Print every line from the start of the data, and when you reach the line with "Lamoon Vita DHA", include it and stop. Pictures are not part of the copy.

Material provided →
----
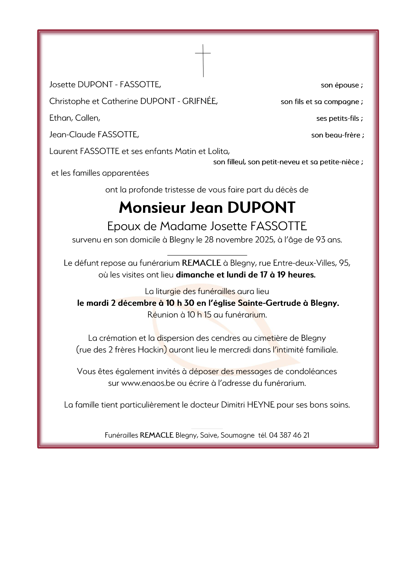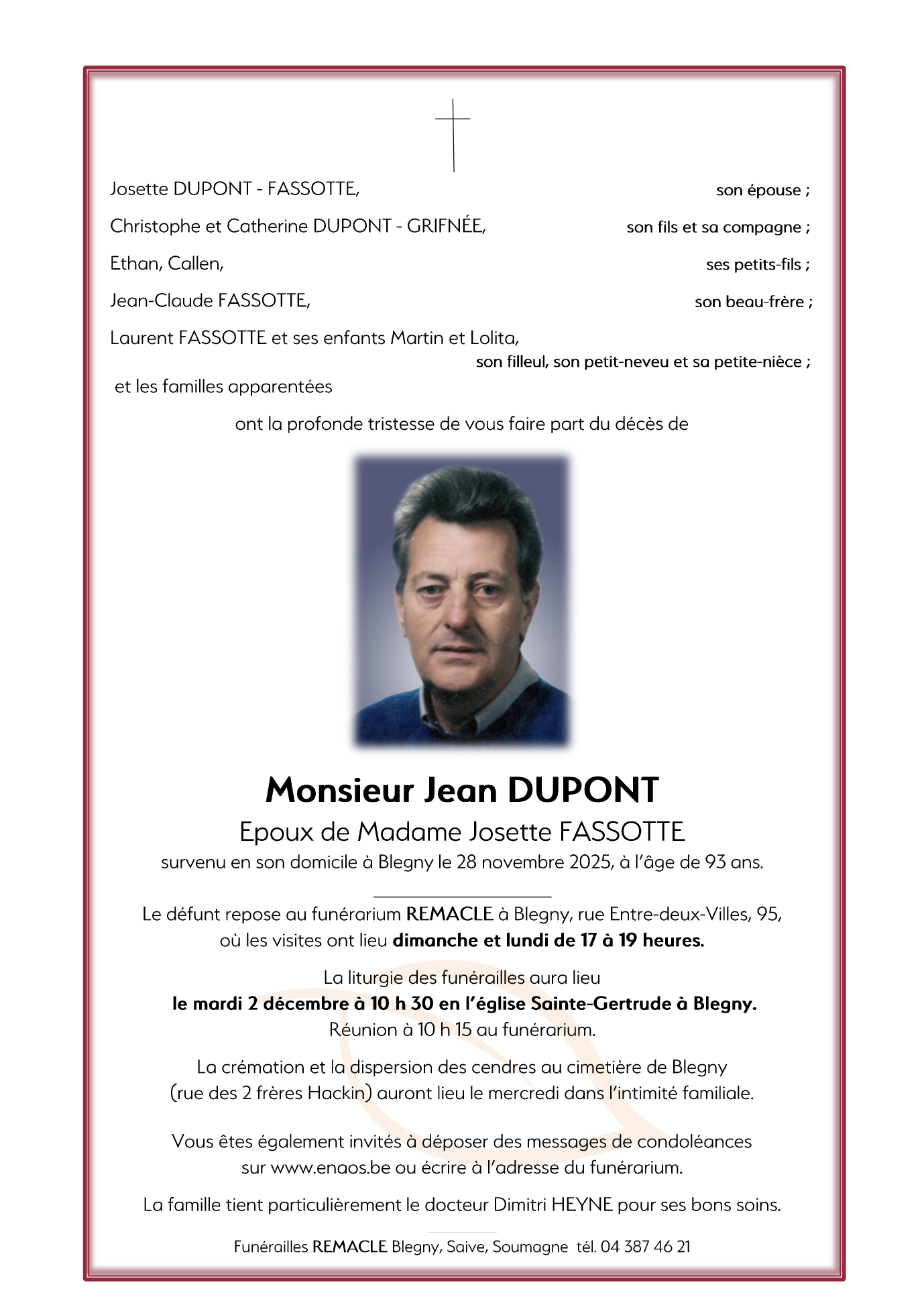 Décédé à Blegny (4670) le vendredi 28 novembre 2025 à l'âge de 93 ans
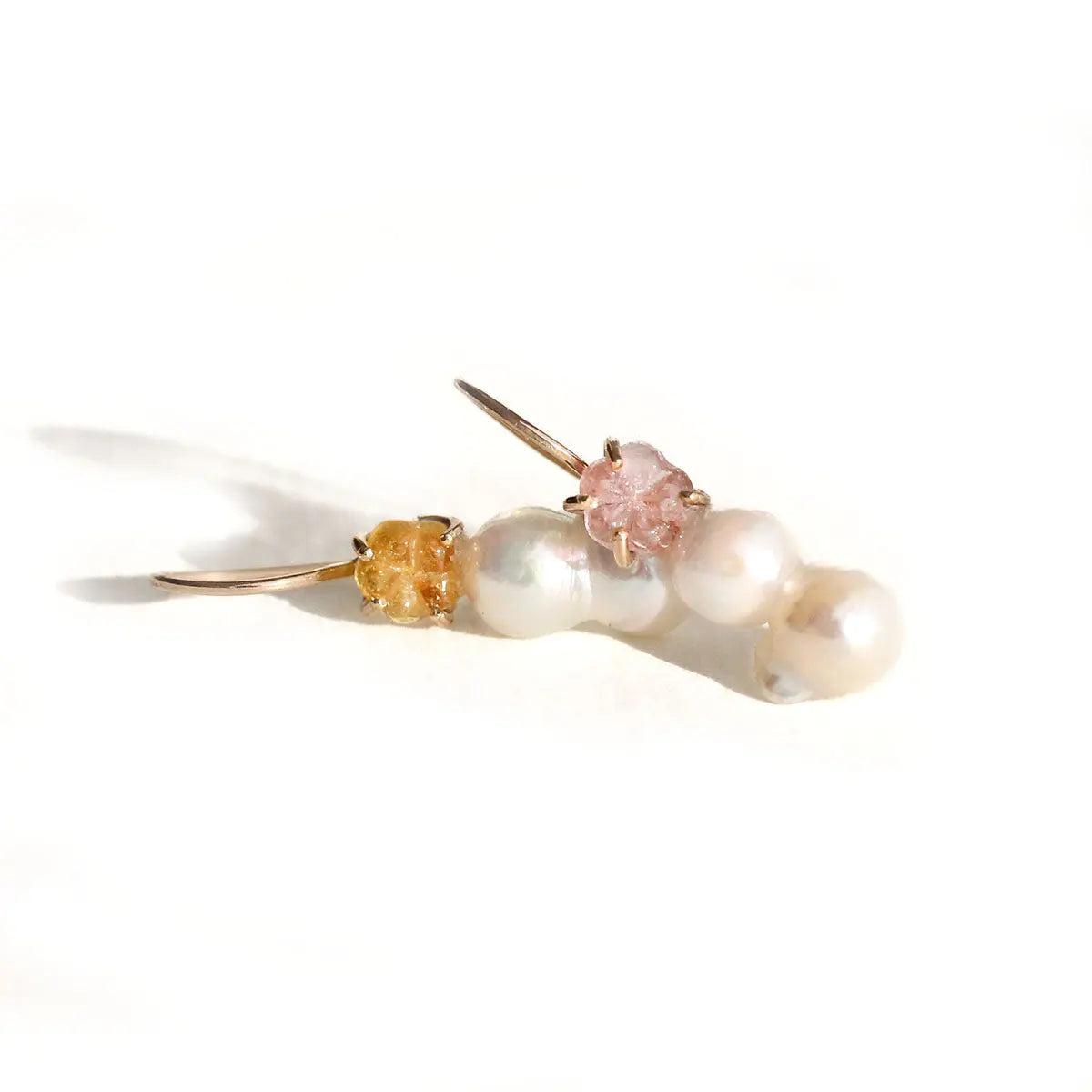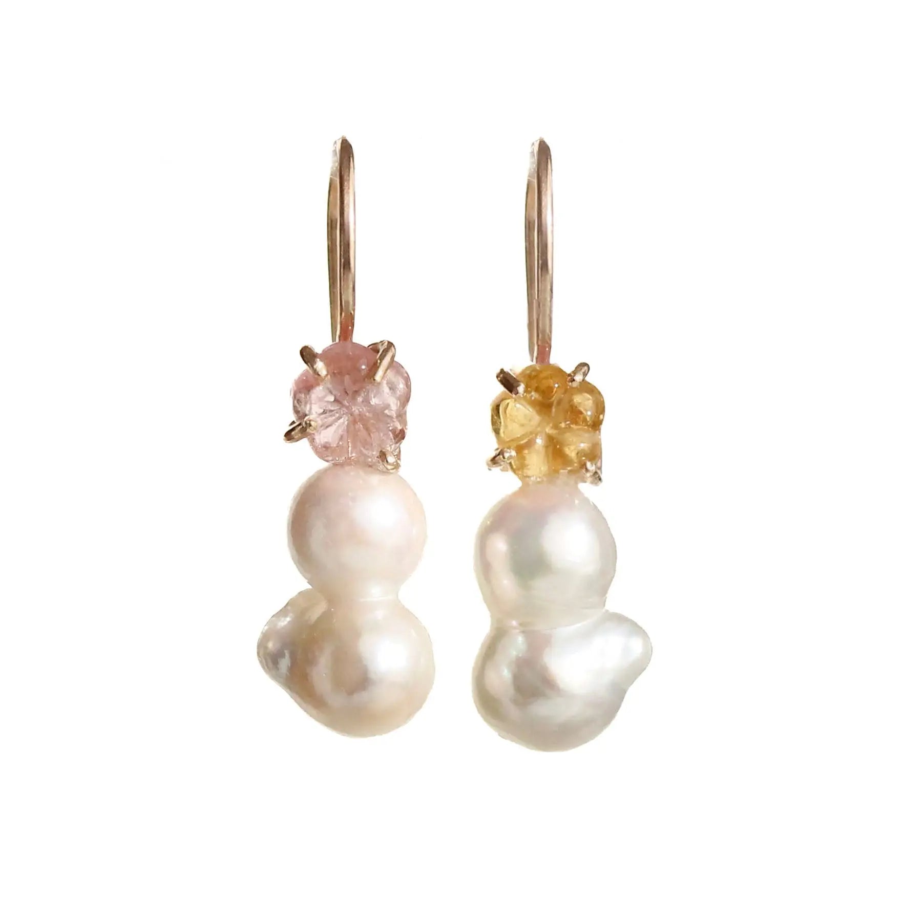 To elevate their beauty further, each pearl is paired with intricately carved AAA-grade tourmaline gemstones in soft pink and sunny yellow, adding a touch of vibrant color and refined elegance. A perfect harmony of rarity, craftsmanship, and timeless charm.
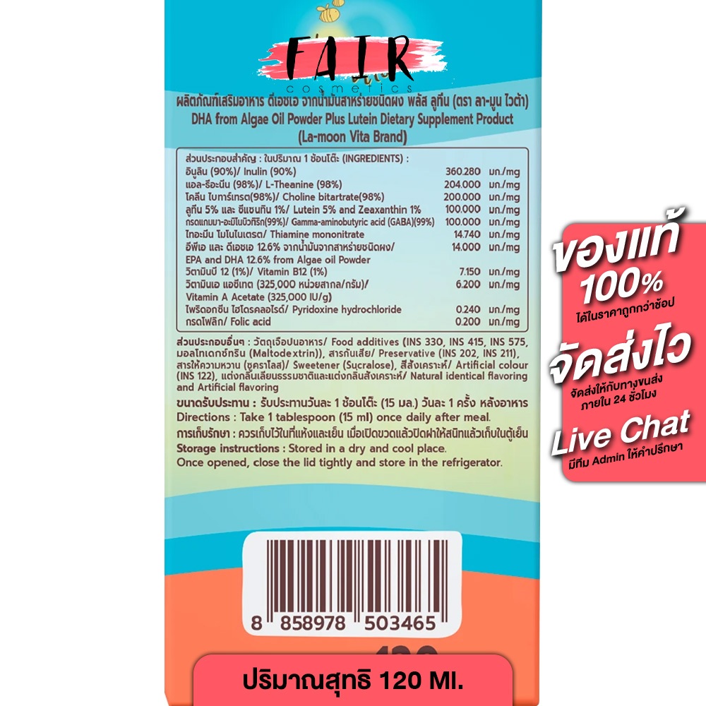 Lamoon Vita DHA 3 ลามูน ไวตา ดีเฮชเอ 3 [ 120 Ml.] ผลิตภัณฑ์เสริมอาหาร ดีเอชเอ จากน้ำมันสาหร่ายชนิดผง
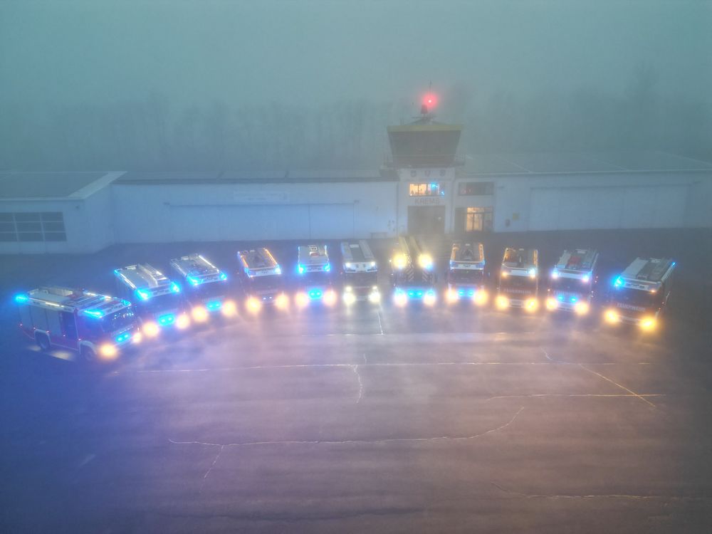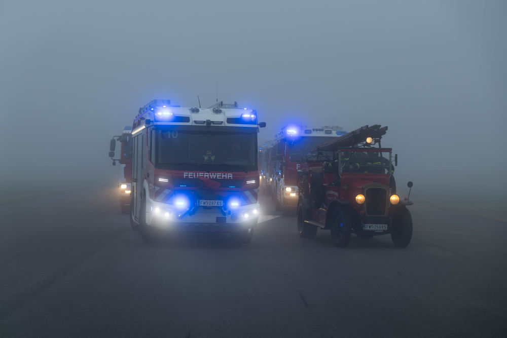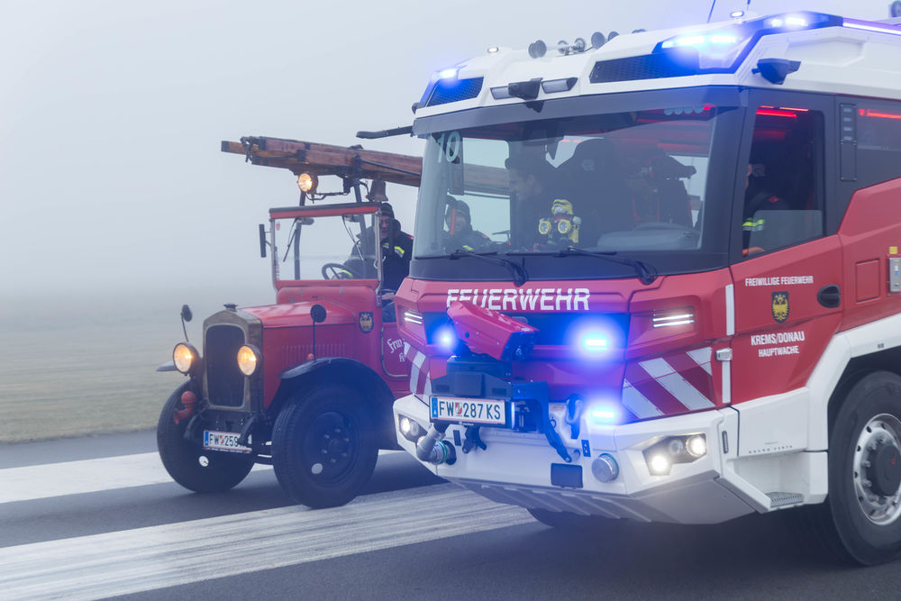 Am 30. November des vergangenen Jahres war der Flugplatz Gneixendorf wohl der sicherste Flugplatz in ganz Österreich: 13 Fahrzeuge der Feuerwehr Krems und rund 40 Mitglieder waren an diesem Tag nach Gneixendorf gekommen, um für die diesjährige Mitgliederversammlung Video- und Fotomaterial von den zehn Hilfeleistungsfahrzeugen der Feuerwehr Krems zu sammeln. Mit dem Ankauf des ersten elektrisch betriebenen HLF in Niederösterreich, welches im November in Krems eintraf und bisher zu Dutzenden Einsätzen ausrückte, stand an diesem Tag dieser im Mittelpunkt des Fotoshootings. Aber auch seine neun Geschwister und die Drehleiter waren die Stars des Tages.
----
Solved problem →
 Décédé à Blegny (4670) le vendredi 28 novembre 2025 à l'âge de 93 ans
 To elevate their beauty further, each pearl is paired with intricately carved AAA-grade tourmaline gemstones in soft pink and sunny yellow, adding a touch of vibrant color and refined elegance. A perfect harmony of rarity, craftsmanship, and timeless charm.
 Lamoon Vita DHA 3 ลามูน ไวตา ดีเฮชเอ 3 [ 120 Ml.] ผลิตภัณฑ์เสริมอาหาร ดีเอชเอ จากน้ำมันสาหร่ายชนิดผง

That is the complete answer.